While there was an almost equal number of genera collected for mosses and liverworts, the ratios of specimens per genus was not — 394/74 for mosses vs. 671/75 for liverworts. This difference can be accounted quantitatively and qualitatively by Lejeuneaceae. Not only were there 40 genera in that single family, 68 % of the genera were generalists, growing on 2 of the 6 substrates tested, hence the large number of total liverwort specimens encountered. At the same time that there was a higher generic diversity in Lejeuneaceae, the number of individuals per genus in this family is lower — 7.5 compared to the average 10.9 for liverworts in the remaining genera and 10.7 for mosses in general. Given that we employed haphazard floristic sampling, the number of specimens should reflect more or less the abundance of bryophytes in the garden. Such a difference in the specimen numbers of mosses and liverworts highlights the tropical nature of bryophyte distribution, in which liverworts tend to be more common than they do in the temperate zone (Pócs 1982).

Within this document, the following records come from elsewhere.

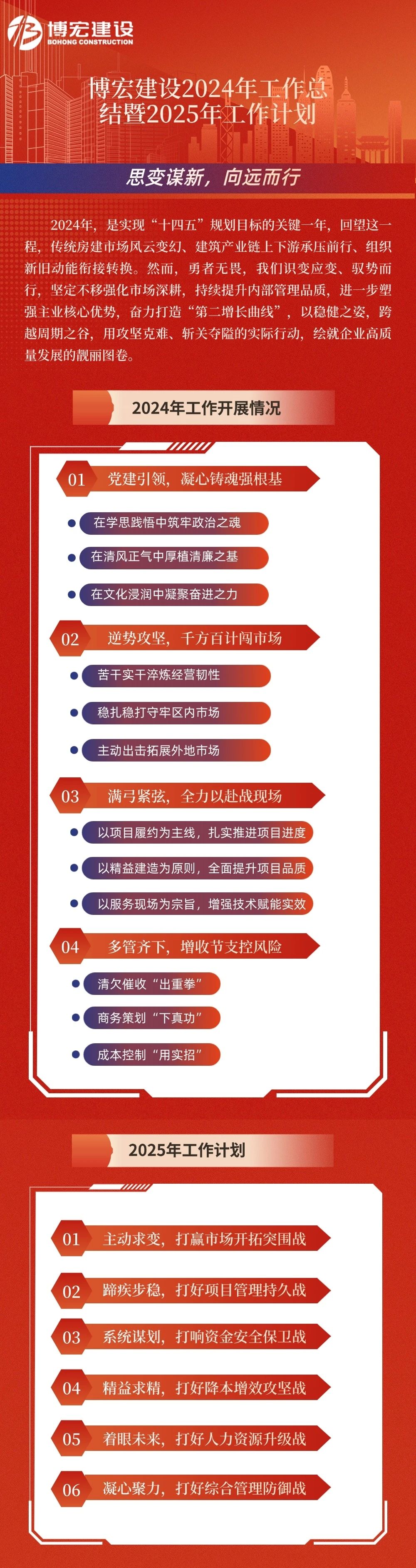 1月24日-25日,博宏建設(shè)2024年度總結(jié)表彰暨2025年工作研討會(huì)順利召開。公司黨委班子、部門負(fù)責(zé)人、項(xiàng)目經(jīng)理和員工代表共80余人參加會(huì)議。集團(tuán)黨委書記嚴(yán)悌文、董事長虞志鵬、常務(wù)副總經(jīng)理錢濤受邀出席會(huì)議。會(huì)議由公司黨委副書記郭一清主持。
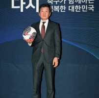 대한축구협회 정몽규 회장이 19일 서울 종로구 포니정재단빌딩에서 제 55대 대한축구협회장 선거 출마 기자회견을 한 뒤 기념촬영을 하고 있다. 2024. 12. 19.박진업 기자 upandup@sportsseoul.com
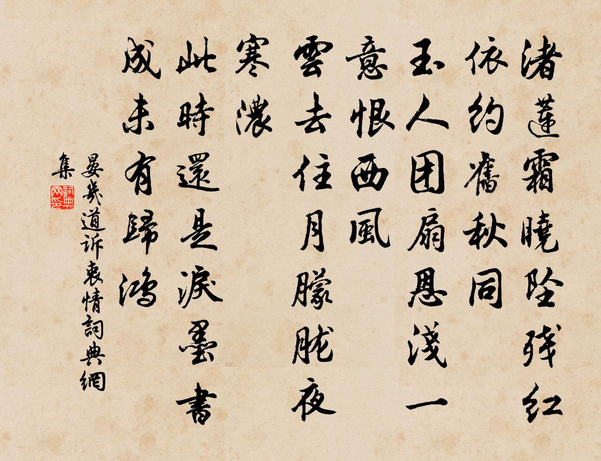 渚蓮霜曉墜殘紅,依約舊秋同。玉人團扇恩淺,一意恨西風。

Our survey at Nectandra yielded 152 genera compared to 123 for Los Robles, 98 reported for Monteverde, 77 for Cocos and 36 for Santa Elena Peninsula. Given that the methodology and the surveyors differed at each site, it is not possible to make statistically meaningful comparisons. Nevertheless, it is useful to know the outcome of a coarse comparison among the five sites (Tables 2, 3, 4). The bryophyte richness at Los Robles is comparable to that at Nectandra, although they differ by 21 genera, the highest number of non-overlapping taxa among the 5 sites. Santa Elena Peninsula, not unexpectedly, was the least similar to Nectandra, due to the lower elevation and hotter and drier climate. Intriguingly, the bryodiversity on Cocos Island overlaps exactly with that of Nectandra at the genus level. Unfortunately, the survey on Cocos Island was done in a very small area (0.8 ha) and therefore difficult to compare with more certainty. Lastly, our nearest neighbor Monteverde has 90% of the taxa in common with Nectandra, with 9 distinct families. Our results are consistent with a similar but higher diversity at Nectandra than that of Monteverde. It is noteworthy that just in the Lejeuneaceae alone, 40 genera were collected at Nectandra, compared to 27 at Monteverde and 23 at Los Robles. Several families of mosses and liverworts were absent from Nectandra, but found in Monteverde and Los Robles. The absence can probably be attributed to our incomplete sampling from the canopy and other habitats or sampling missed in our survey. Sphagnum (Sphagnaceae), for example, only occurs in bogs with poor drainage and acidic water, which is not found in Nectandra. However the number of hornworts taxa at Nectandra was by far the highest among all the sites. Anthocerotaceae was present at Nectandra, Los Robles and on Cocos Island. Dendrocerotaceae was found at Monteverde and Nectandra whereas Notothyladaceae was unique to Nectandra.